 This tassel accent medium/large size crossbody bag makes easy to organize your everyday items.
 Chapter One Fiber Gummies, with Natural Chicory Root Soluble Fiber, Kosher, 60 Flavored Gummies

________________________________________

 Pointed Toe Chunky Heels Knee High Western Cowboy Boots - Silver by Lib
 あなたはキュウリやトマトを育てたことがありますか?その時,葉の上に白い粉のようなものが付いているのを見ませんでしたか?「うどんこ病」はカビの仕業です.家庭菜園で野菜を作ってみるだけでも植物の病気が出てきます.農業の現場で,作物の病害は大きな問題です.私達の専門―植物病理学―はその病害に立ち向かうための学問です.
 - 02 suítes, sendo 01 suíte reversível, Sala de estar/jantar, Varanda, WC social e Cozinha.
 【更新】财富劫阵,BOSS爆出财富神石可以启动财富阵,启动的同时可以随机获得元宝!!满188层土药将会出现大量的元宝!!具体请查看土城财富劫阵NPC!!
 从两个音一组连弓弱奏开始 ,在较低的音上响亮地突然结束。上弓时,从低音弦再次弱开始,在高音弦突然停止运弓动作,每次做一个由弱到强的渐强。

________________________________________

-- YOUR ASSIGNMENT --
Take the stretch of lines above from the one containing "This tassel accent" through the one containing "Chapter One Fiber" and repeat it exactly, adding no other line.

-- RESULT OF THE TASK --
 This tassel accent medium/large size crossbody bag makes easy to organize your everyday items.
 Chapter One Fiber Gummies, with Natural Chicory Root Soluble Fiber, Kosher, 60 Flavored Gummies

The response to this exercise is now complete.